Cryptids Around? What Not To Do!

There are many people who claim to know the best way to deal with cryptids coming around your property. They tout the expert tag and give people advice that might not be the best course to take in dealing with this particular type of issue. The bottom line is that there are no experts and what works one time, might not work always. I don’t claim to be an expert, and I am constantly learning something new about the topic of cryptids. However; I do understand that when cryptids come around your property the dynamic changes greatly, and the situations presented can be very stressful. There are some things that you should consider heavily before you attempt the use of any method in an effort to keep cryptids away.

Get A Guard Dog – If you have cryptids coming around your home and you think that getting a guard dog is going to solve your problem you could be very mistaken. Adding a dog to your environment will not only add stress, but you could be issuing a death sentence to the dog itself. I’m not an expert on dogs, but I’m confident in what I have to relate on the subject. Any time you bring a dog into your environment there is going to be an adjustment period for you, and the animal. This applies to any animal that you bring into your home. The animal has to adjust to becoming familiar with the environment, you, and everything it comes into contact with. This can be stressful to the dog, you, your family, and any other pets you may already have in the home. When you add into the mix that you have cryptids coming around, things can get complicated real fast. This adjustment period creates a bottle neck of potential vulnerability for the dog.

There are many types of dogs, but the breeds commonly utilized for protective work and guarding are typically larger breeds. These tend to be German Sheppard’s, Dobermans, Rottweilers, Pit Bulls, and others from the working class of dogs. They are chosen due to size; natural protective ability, but dogs of all sizes have those same instincts. Historically; the larger, protective breeds seem to be the ones who have more difficulty in an environment where cryptids are present. I believe this might be directly related to their size, aggression capability, and when you combine those factors there is a greater threat level perception to the cryptid.

We all know that dogs mark their territory. This applies to both male and female dogs, and this should be a factor that any dog owner should consider when dealing with cryptids coming around the home. Largely; we don’t understand how cryptids form their territory, or establish their hierarchy within their own groups. We do know that dogs mark their territory in an effort to project their dominance to other dogs, and establish ownership over their territory. If some cryptids view this as a challenge to their dominance it stands to reason that they could fall back on the instinct to somehow establish that they are the king of the hill. Could this be a factor in why some dogs end up being killed by cryptids? This is a very complex idea due to the fact that there are reports of cryptids who seem to like some dog breeds. Is this a tolerance based on the premise of some sort of symbiotic relationship, or something we are not fully understanding about these creatures.

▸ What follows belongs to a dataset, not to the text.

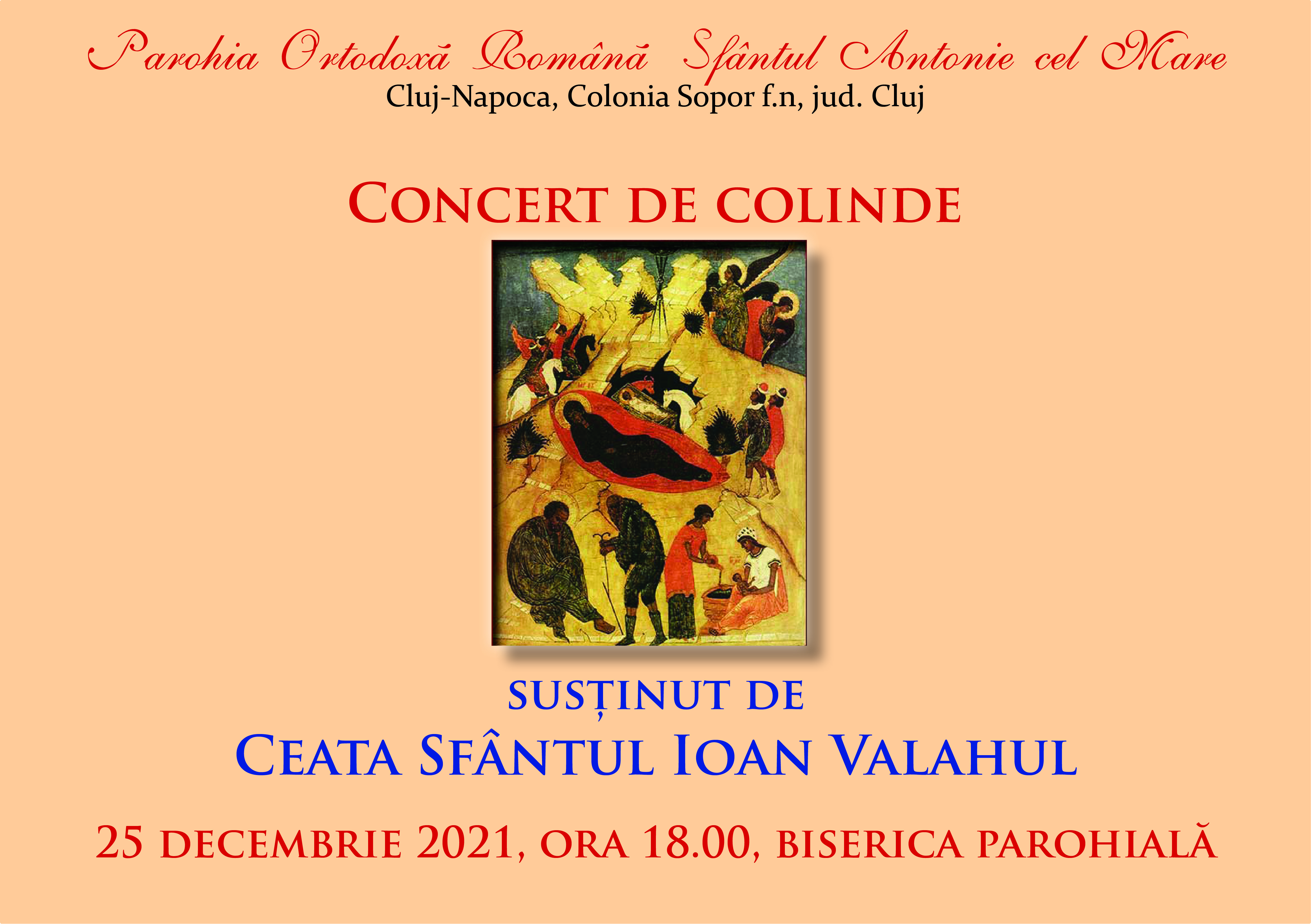 Evenimentul va avea loc în biserica parohială în data de 25 decembrie 2021, ora 18.00.

Shoot the Cryptid – Some might suggest that you should shoot at the cryptid to get it to go away. This is really a bad idea. As I have stated numerous times; firearms should only be used against cryptids as a last resort, and only when there is a direct real threat of death to a person. You may shoot at a cryptid that you can see, but what about the ones that you don’t see. We know that the majority of the time cryptids travel in pairs, or groups. Taking a shot at a cryptid could be a serious mistake. If you are at home and you shoot at one, at some point you are going to have to leave your home, and there are too many variables that can come in to play at that point. Not to mention that what if the cryptid your perceive isn’t a cryptid at all, but someone trying to play a joke on you. You could be shooting at a person, and that is a totally different scenario with it’s own set of consequences. Be responsible, get training, and follow firearm safety rules if you feel the need to have a firearm.

Mark Territory – Some researchers will tell you that marking the boundary of your property will help keep cryptids away. My opinion is that this is a bad idea. The suggestion is that you have an adult male urinate at different points along the property edge. We don’t know what this means to cryptids, and you could very well be issuing a challenge by doing this. That puts the person who urinated in that area in possible danger. There is little hard data to support that males are generally more prone to having a bad encounter with a cryptid, but looking at reports that have been collected it appears that could be true. In retrospect to that; some female researchers will urinate in an area in an effort to possibly attract cryptids to come in to a specific location. This is also a bad idea because we can never determine the intent of the cryptid, or the outcome of utilizing this method. From a logical standpoint; I would say that any time you tap into any animals’ primal instinct the unpredictability factor increases dramatically, and with that the danger factor increases as well. There are a lot of researchers who speculate about the true intent of cryptids and why they do the things they do, but no one really knows for sure the meaning of their actions.